Among the installers that work well are those of NetBSD and OpenBSD, both smaller projects than FreeBSD. The Slackware installer works beautifully, in my experience, as does the Arch installer. Debian's installer is quite good also. There are plenty of examples of installers dealing with problems similar to that of bsdinstall that are of far greater quality.

Your point about installing once and then having years of use is bogus for a number of reasons. FreeBSD updates are released with a periodicity less than "years". To take advantage of them, you need to run the installer. Furthermore, having the first thing you encounter in release 9.0, the installer, be such a mess is hardly an incentive to invest more time in this system. What else has been included in this release in this condition? And my past experience with FreeBSD has always turned up something of this sort that made the system unusable for me. Yes, you are right that FreeBSD is not a good fit, but for the reasons I've given, not the reasons you gave.


----------



## donallen (Jun 28, 2012)

kpa said:
			
		

> It's yet another case of a problem in software testing, who is going to test it and report the bugs? The people who are capable of testing it and can provide good feedback don't really need it because they can install FreeBSD without using bsdinstall(8) . There were lots of calls for testing bsdinstall  on the mailing lists before FreeBSD 9 was released but apparently not many bothered.
> 
> On the other hand the people who the tool is aimed at are usually incapable providing useful bug reports because the reports basically just read "it doesn't work when I do this" with no context and background information.

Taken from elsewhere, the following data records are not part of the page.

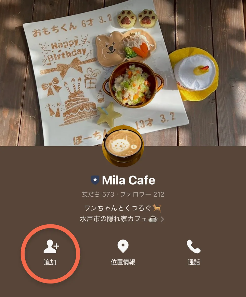 上記画像を参考に、必ず「追加」ボタンをタップして友だち追加をしてください。
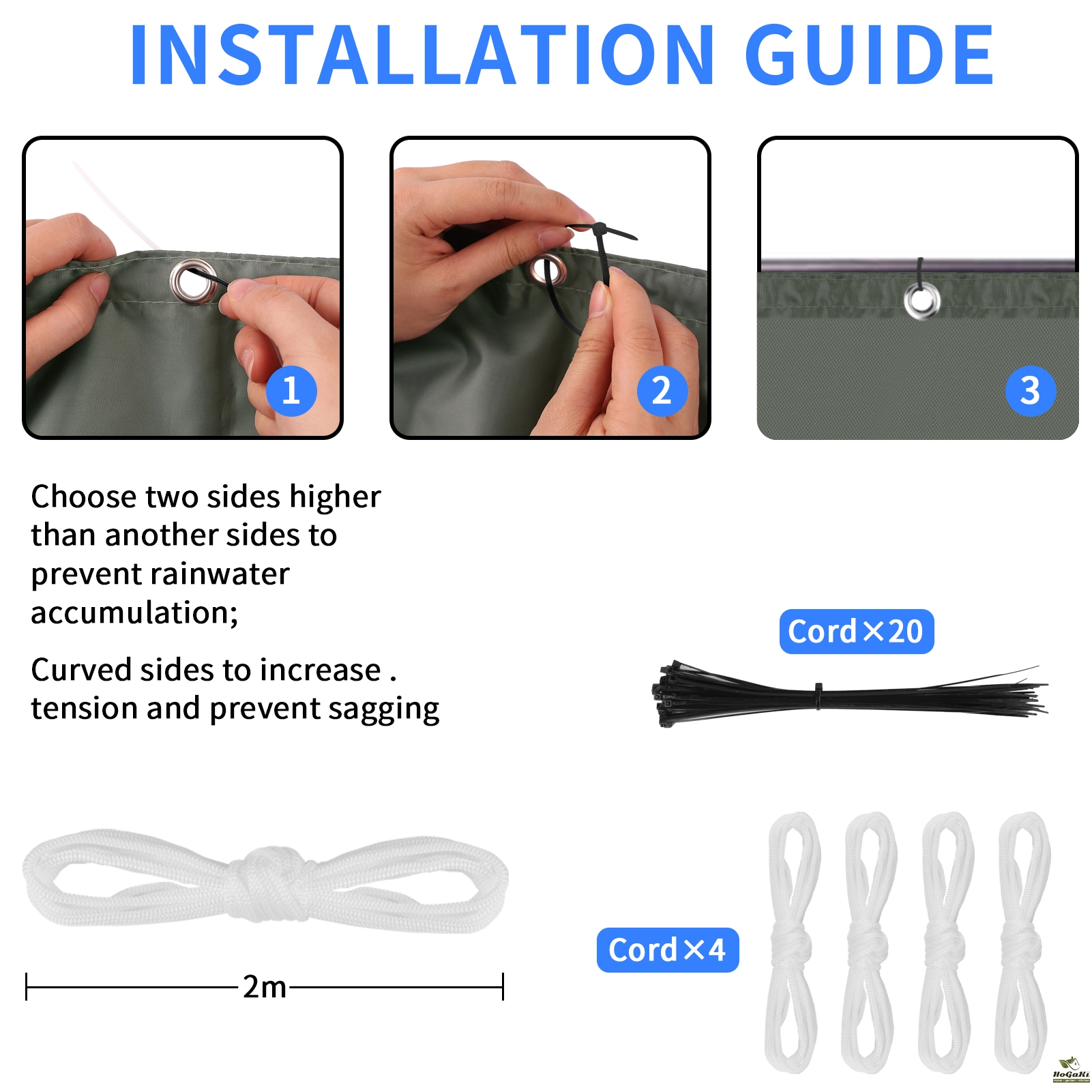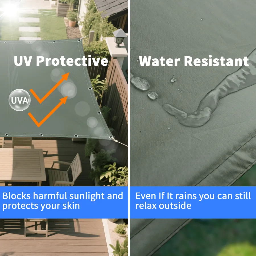 High quality: Shade sail made of 100% high quality and dense polyester fabric, can effectively achieve 95% UV protection and 90% shade rate. Can drastically reduce the temperature and create a cool, comfortable outdoor area. This outdoor shade sail is UV protected, waterproof, tear-resistant and can reach.
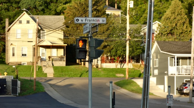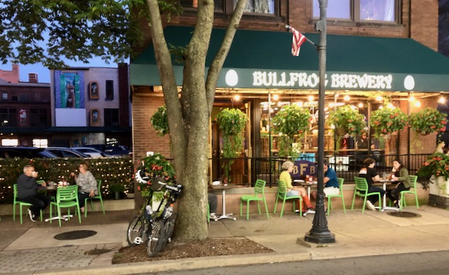 A little later we bicycled the mile or so to downtown Williamsport, once again looking for somewhere to eat, but also to eat outside. It was Friday night and the restaurants were really crowded. Drinking beer and having dinner on the sidewalk outside the Bullfrog Brewery was a great time although the food was only just OK.
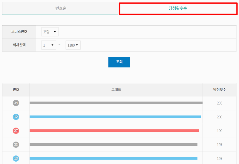 5. 만약 가장 많이 나온 숫자 순서대로 보고 싶다면, 상단의 '당첨횟수순'을 선택하면 됩니다. 가장 인기가 많았던 행운의 숫자부터 차례대로 정렬된 결과를 확인할 수 있어요.
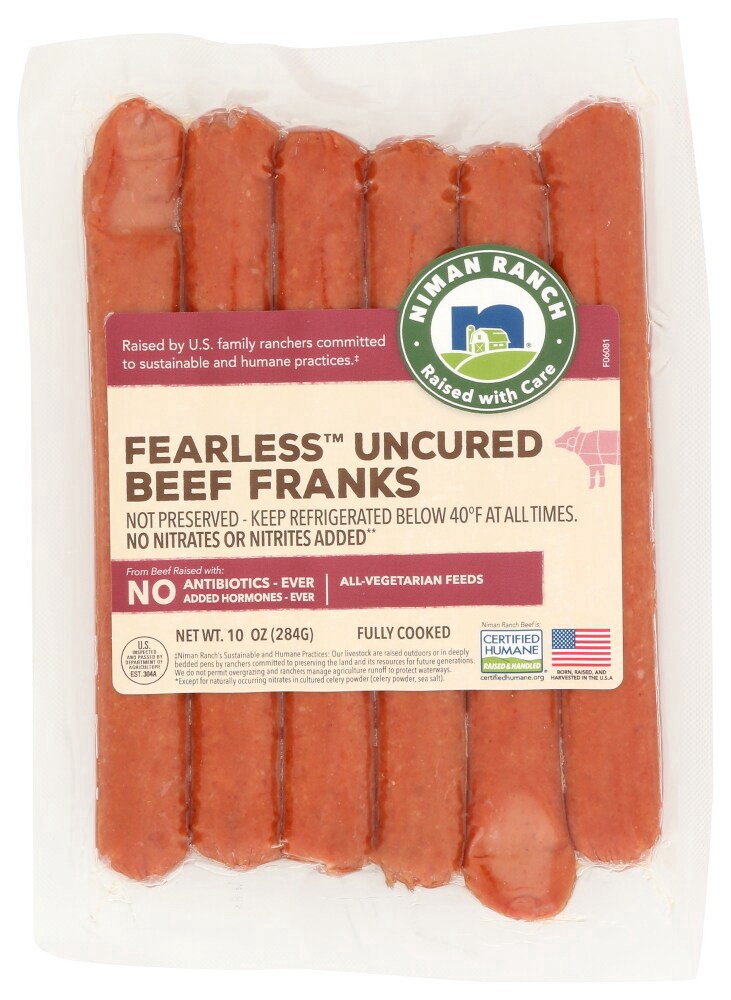 slide 1 of 1, Niman Ranch Uncured Beef Fearless Franks,
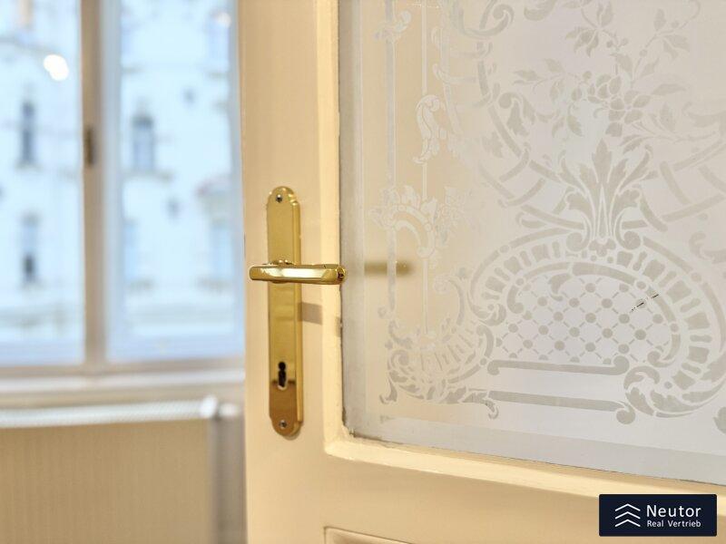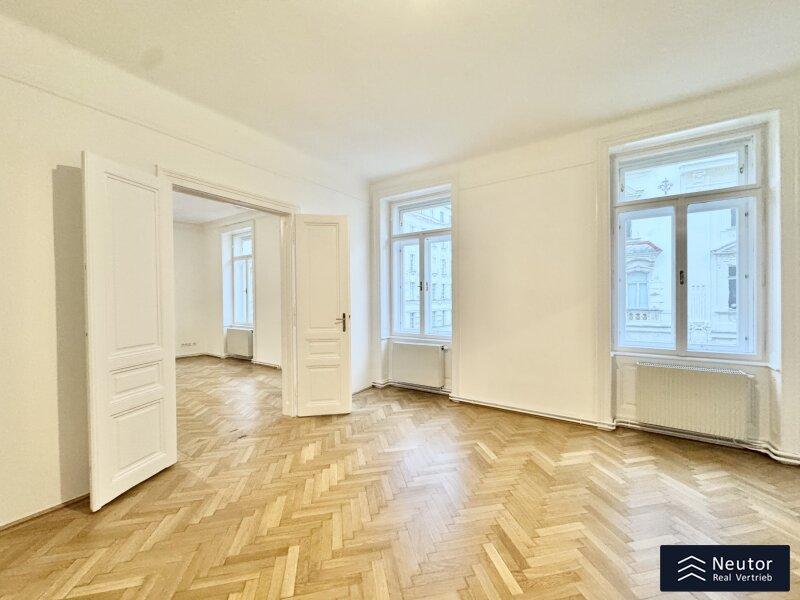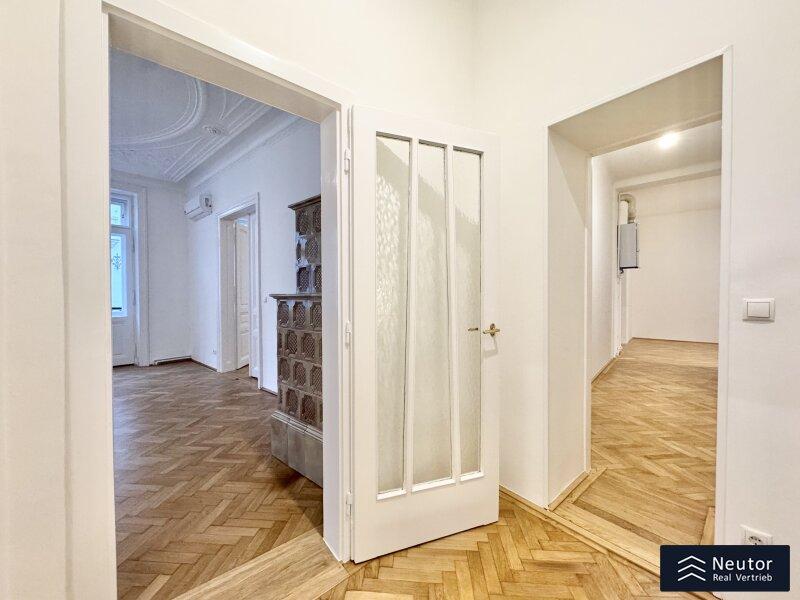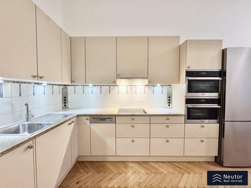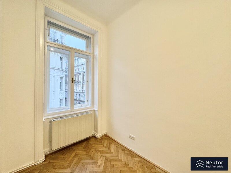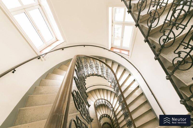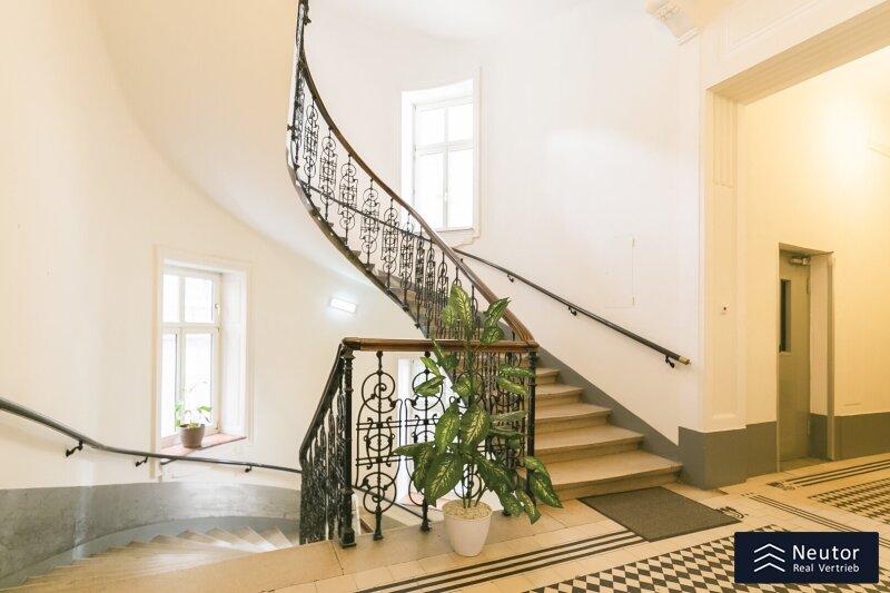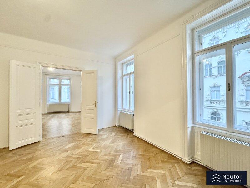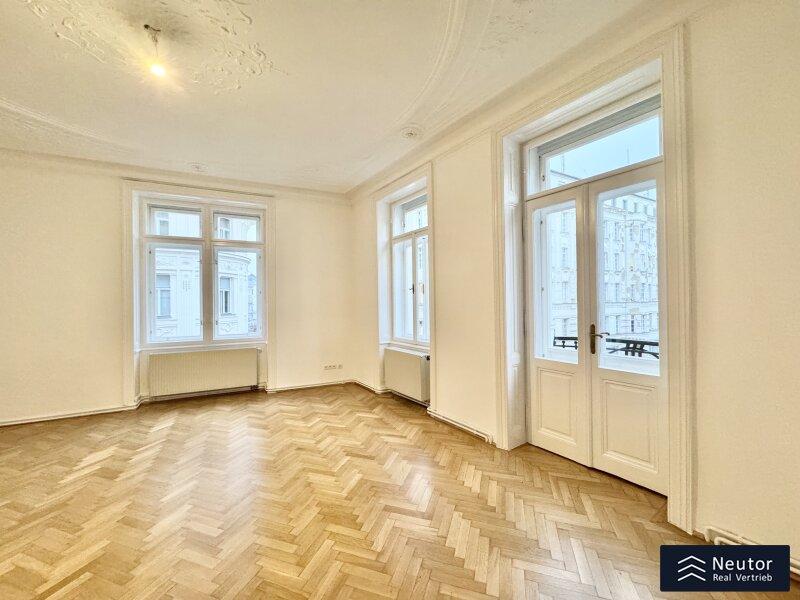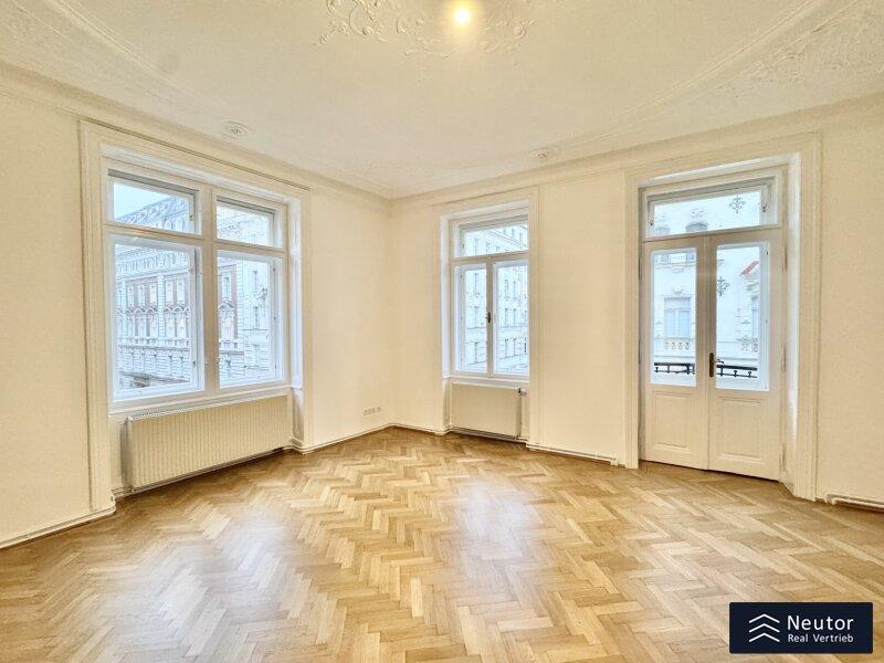 Das Staunen beginnt bei diesem Stilaltbau bereits vor der reich gegliederten Fassade und dem repräsentativen Eingangsbereich, welcher sich im wunderschönen Originalzustand präsentiert. Bequem gelangen Sie per Lift in das 2. Regelgeschoss, von welchem aus Sie nur mehr wenige Schritte von der großzügigen 4-Zimmerwohnung trennen. Die Wohnung wurdevor wenigen Jahren aufwendig teilsaniert und revitalisiert und besticht durch edlen Fischgrätparkett, welcher nahtlos durch die Räume verlegt ist, Kassettentüren, hohe Räume, alles Stilelemente was einen schönen Altbau ausmachen. Sie betreten Ihre neue Wohnung über einen großzügigen Vorraum, welcher ausreichend Platz für eine Garderobe bietet. Von diesem aus gelangen Sie in das Kabinett und zur Küche. Ebenso erreichen Sie das separate WC sowie dem kompakten Badezimmer mit Dusche. Die Einbauküche wurde separat angelegt und lädt förmlich zum Kochen ein. Diese wurde mit Marken-Geräten ausgestattet und kann ebenso mit einem kleinen Balkon punkten - beeindruckenden Ausblick auf den tiefen Graben und die Wipplingerstraße inklusive. Kreisförmig angelegt, erreichen Sie weiteren Räume dieser 4 Zimmerwohnung. Blickfang garantiert im Eck-Wohnzimmer der große formschöne Kachelofen, der in den Wintermonaten eine wohlig warme Wärme in diesen Wohntraum zaubert. Im Sommer hilft Ihnen die installierte Klimaanlage im Wohnzimmer einen kühlen Kopf zu bewahren. Eine tolle Wohnung in bestens angebundener Lage!

If it wasn't properly tested, it shouldn't have been released. And complaining that you couldn't get people to test bsdinstall begs the question of how NetBSD and OpenBSD managed to produce excellent installers, projects with fewer resources than FreeBSD? How does Patrick Volkerding do it with Slackware, another project not exactly flush with money or people?


----------



## Jimmy (Jun 30, 2012)

donallen said:
			
		

> FreeBSD updates are released with a periodicity less than "years". To take advantage of them, you need to run the installer.



That's not correct. You can upgrade without going near an installer. Cvsup is one option, freebsd-update another.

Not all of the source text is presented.